Given that Staying is only possible when you can making changes in yourself, perhaps we should all keep presenting the changes we are making in thought, word, and deed that are making things better.
I, for one, find a lot of hope on the Staying board. The people here keep on trying, but they don't deny reality and that gives me a sense of connectedness. When I feel alone because of the challenges in my r/s, I can feel connected here and return to my SO feeling stronger and better able to manage what is difficult. If the people here didn't write about the tough stuff, I would feel quite hopeless, I think.
So I guess I can say I come to Staying for hope, then...

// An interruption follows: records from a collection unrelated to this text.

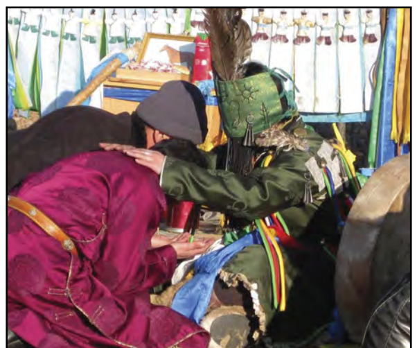
Below: a Mongolian shaman performing a blessing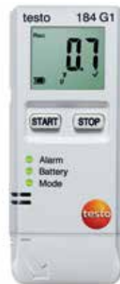
testo 184 G1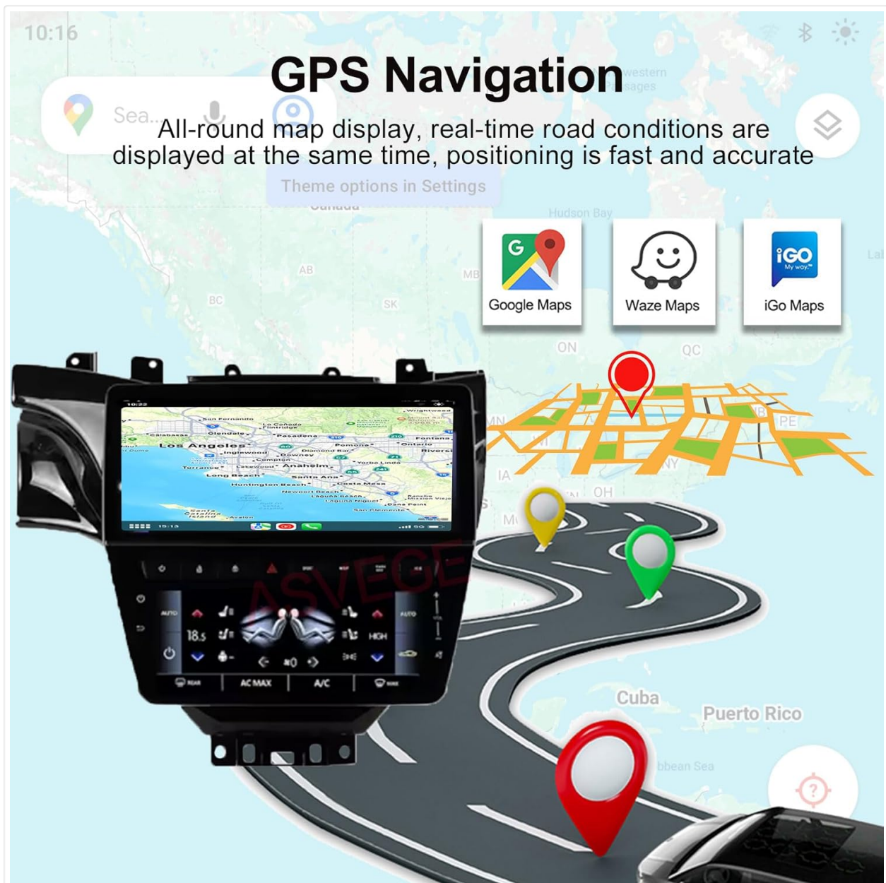
Image: The GPS Navigation interface is displayed, showing a map with a route and icons for Google Maps, Waze Maps, and iGo Maps. This illustrates the unit's navigation capabilities.

The unit features built-in GPS for navigation. Access the navigation application from the main menu. You can use pre-installed maps or download your preferred navigation apps like Google Maps, Waze, or iGo Maps from the Play Store.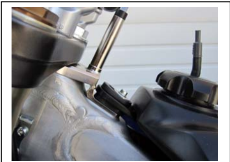
Tab should fit perfectly under tank mount and just slide in over the aluminum frame lug.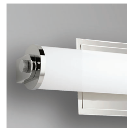
-20 Polished Nickel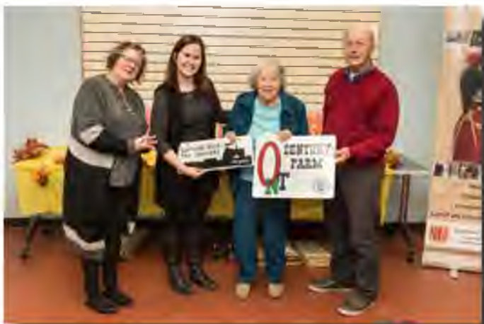
The Hobbs Family receiving their Canada 150 and new Century Farm signs.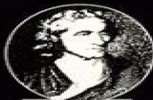
JOHN LOCKE 1632 - 1704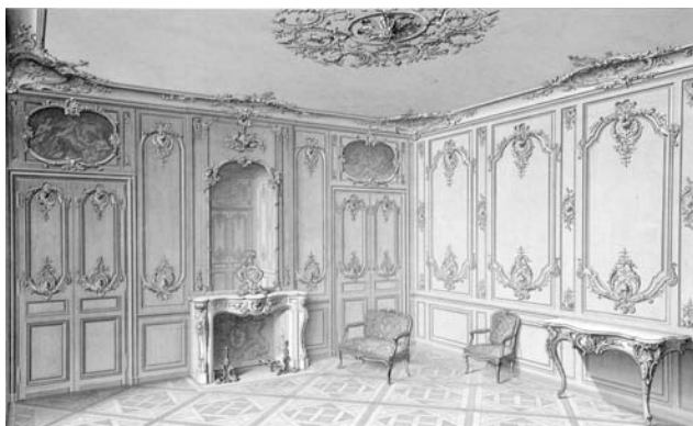
Style Louis XV... Hôtel Cours d'Albret, à Bordeaux. [c1880]. 12 ¼" x 17 ½" (sheet). steel engraving. Paris: Motifs Historiques.

And as in the quote above, when people present the changes they are making, that is always helpful role modeling.
I have only been on FTF a short while (5mo). Already I have noticed swings in my own needs (patterns maybe, but given I dont know what triggers them I dont know if they are a pattern yet or not).
During times when I am doing well and feeling good myself, I dont spend as much time here. Its when I swing towards the negative that my time on this board picks up. So I am definitely using it for support when needed. By definition this means you get a higher dose of the negative aspects of me.
But this is common for T isnt it? (the goal of T is to never need the T again...?). Another aspect is that when I come here I dont even know what I want. As was when I first found the site, there are times when I continue to feel lost and completely depleted of ideas on how to make things better. So come here seeking wisdom/answers. (imagine if FtF was a vault of ancient scrolls on top of a mountain somewhere... I would make the trek seeking knowledge)
I use this board for third party validation/reality check of a certain dynamic or thought process in my relationship. I use it to learn tools/methods of interacting in a healthy manner. I use it to change my attention - by changing myself and what I focus on and how I process my life. I use it to listen to others experience, how it affected them, what they did to cope/deal/make it better for themselves.
Ultimately, I am looking for hope that a satisfying life is possible, and ultimately that I can make adjustments that allow me to feel happy and increase the enjoyment in my life - while remaining in my marriage.
AND - the most important part - is that I have gotten all these things in one way or another, from this site.